- **Your objective**
Take the lines in the listing below from the line with "L ゴルフウェア FootJoy" up to and including the line with "High top sneakers." and set them down exactly, skipping pictures and adding nothing.

- **Data supplied**
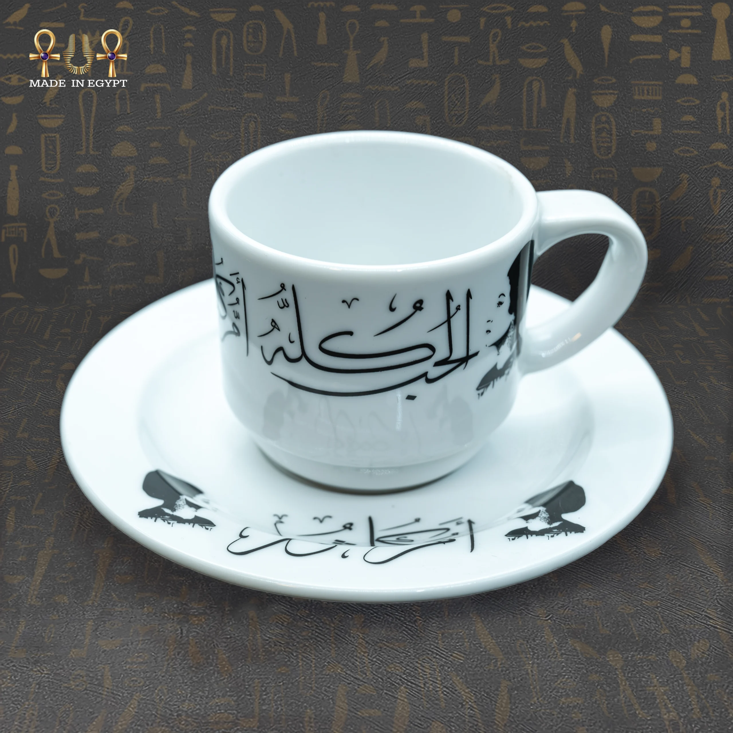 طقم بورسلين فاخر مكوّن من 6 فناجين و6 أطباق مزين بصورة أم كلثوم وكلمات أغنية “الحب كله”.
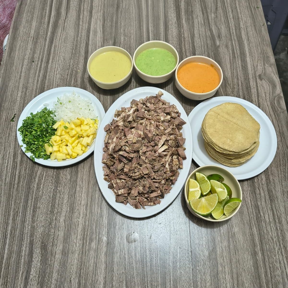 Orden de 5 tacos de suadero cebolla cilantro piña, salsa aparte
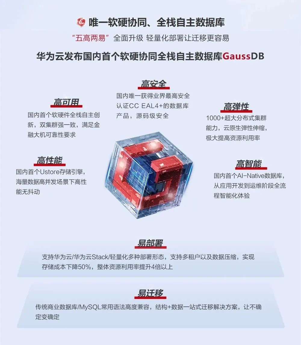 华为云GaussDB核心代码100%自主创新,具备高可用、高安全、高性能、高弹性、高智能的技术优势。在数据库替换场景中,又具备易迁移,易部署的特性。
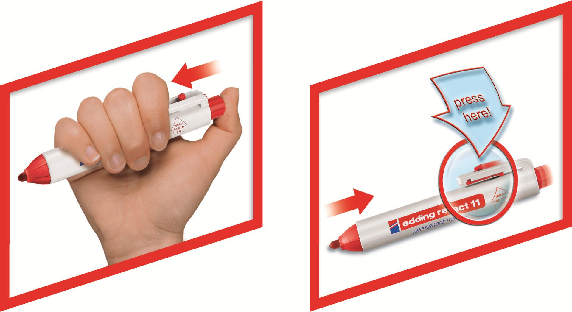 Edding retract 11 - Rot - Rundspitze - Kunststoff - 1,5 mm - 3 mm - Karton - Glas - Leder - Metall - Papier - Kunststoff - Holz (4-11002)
...
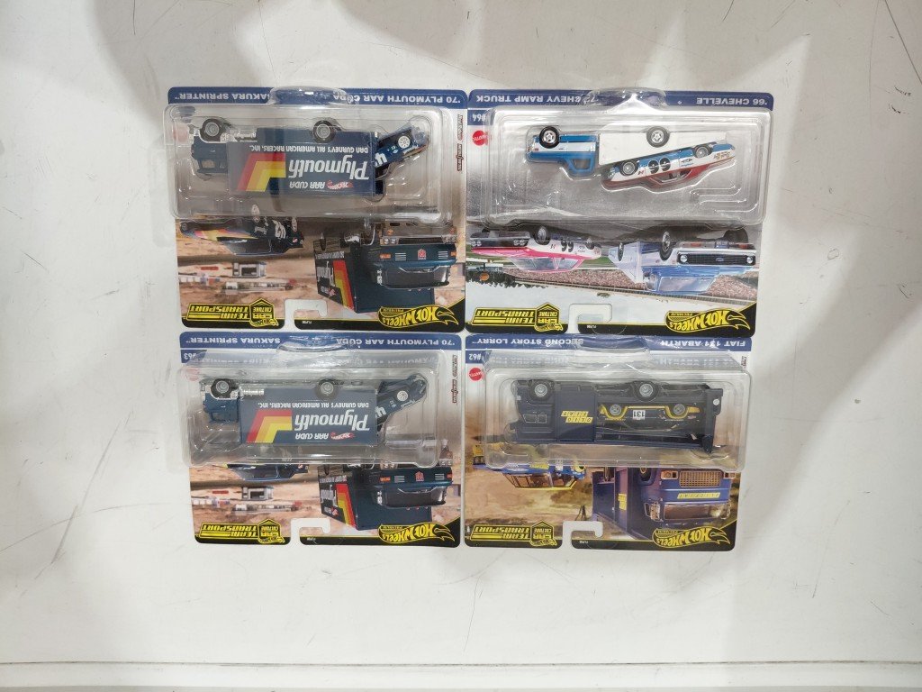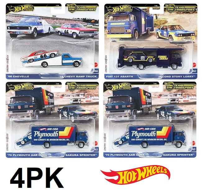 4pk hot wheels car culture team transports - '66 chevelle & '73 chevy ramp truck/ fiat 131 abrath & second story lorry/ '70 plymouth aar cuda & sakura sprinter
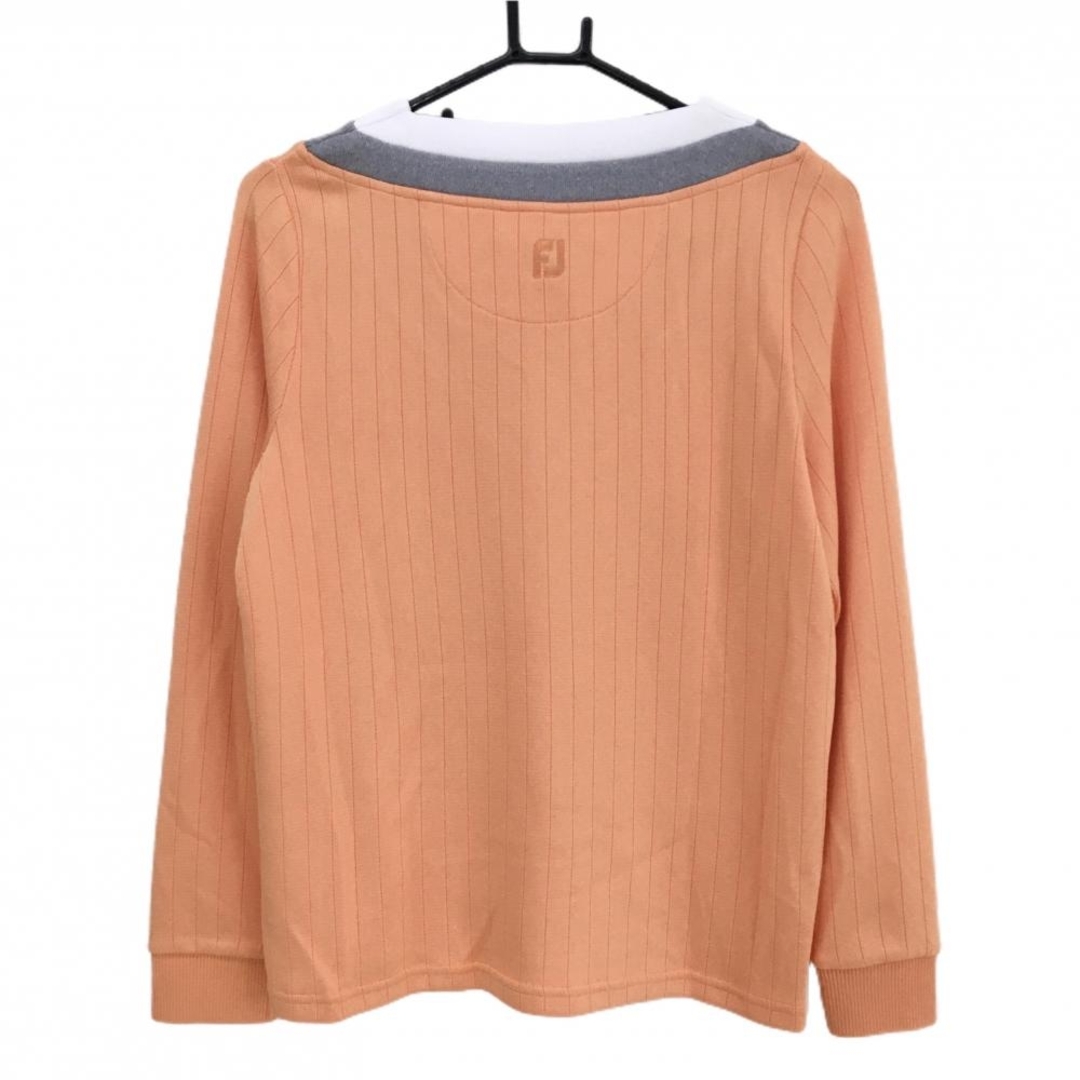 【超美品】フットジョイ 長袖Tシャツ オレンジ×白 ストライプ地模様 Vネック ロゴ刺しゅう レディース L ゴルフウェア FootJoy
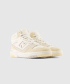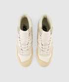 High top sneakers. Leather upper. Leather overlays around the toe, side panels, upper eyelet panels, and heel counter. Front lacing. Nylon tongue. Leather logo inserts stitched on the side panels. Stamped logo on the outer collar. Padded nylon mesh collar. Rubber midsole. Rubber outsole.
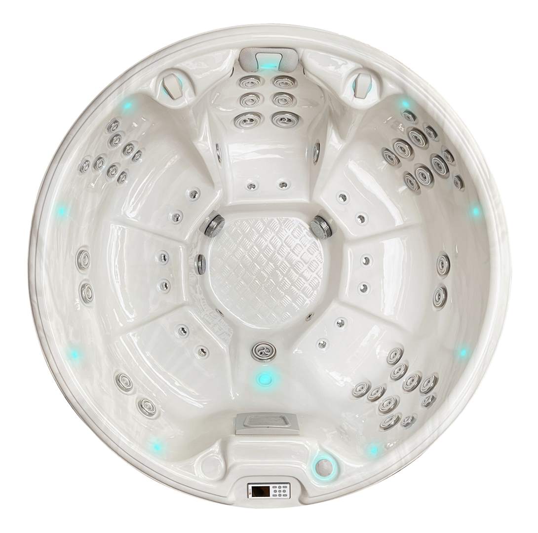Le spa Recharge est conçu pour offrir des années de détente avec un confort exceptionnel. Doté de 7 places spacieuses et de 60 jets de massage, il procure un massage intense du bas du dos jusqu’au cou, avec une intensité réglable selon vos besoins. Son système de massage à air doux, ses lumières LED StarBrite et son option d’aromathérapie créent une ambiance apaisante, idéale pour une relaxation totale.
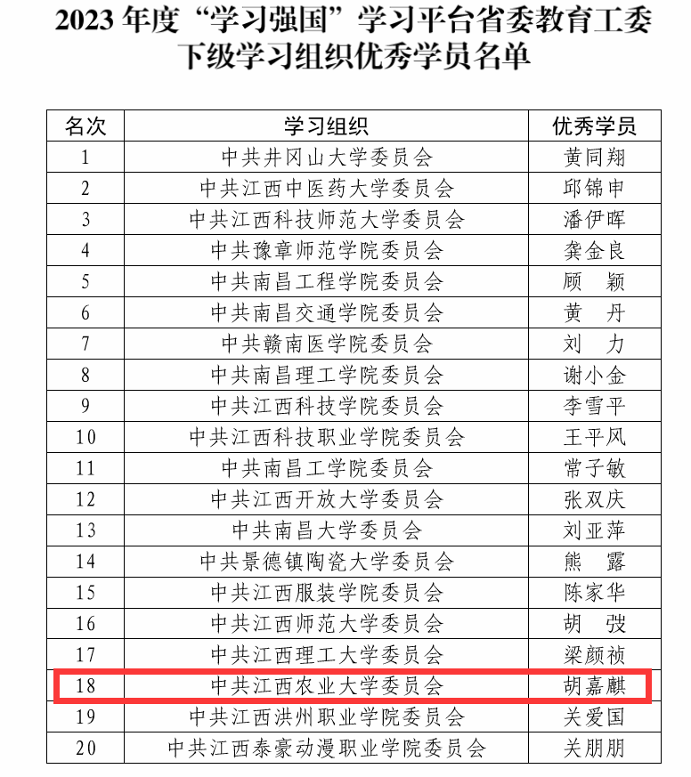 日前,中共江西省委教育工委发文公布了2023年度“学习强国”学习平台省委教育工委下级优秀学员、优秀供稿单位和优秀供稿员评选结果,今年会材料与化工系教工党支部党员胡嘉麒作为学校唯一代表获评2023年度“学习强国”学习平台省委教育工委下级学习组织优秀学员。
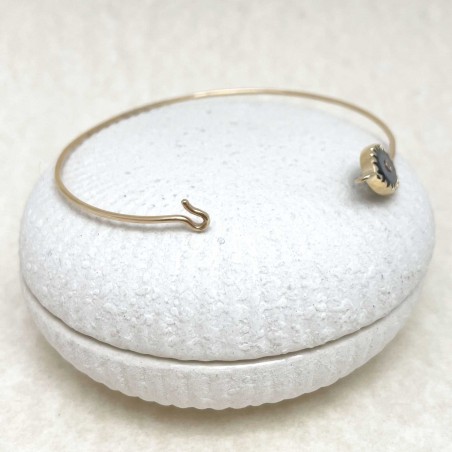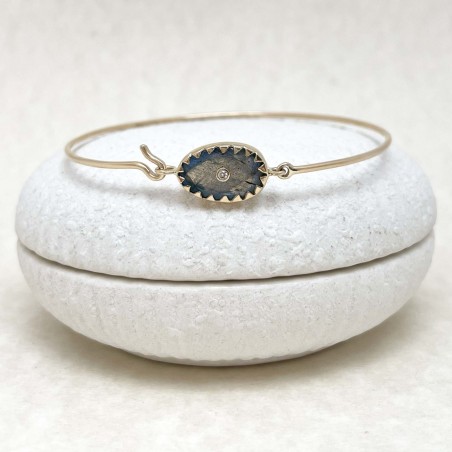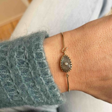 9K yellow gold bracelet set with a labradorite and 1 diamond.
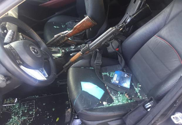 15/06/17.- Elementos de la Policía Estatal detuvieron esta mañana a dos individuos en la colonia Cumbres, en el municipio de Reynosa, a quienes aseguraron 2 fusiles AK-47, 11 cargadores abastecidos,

- **Solved exercise**
 【超美品】フットジョイ 長袖Tシャツ オレンジ×白 ストライプ地模様 Vネック ロゴ刺しゅう レディース L ゴルフウェア FootJoy
 High top sneakers. Leather upper. Leather overlays around the toe, side panels, upper eyelet panels, and heel counter. Front lacing. Nylon tongue. Leather logo inserts stitched on the side panels. Stamped logo on the outer collar. Padded nylon mesh collar. Rubber midsole. Rubber outsole.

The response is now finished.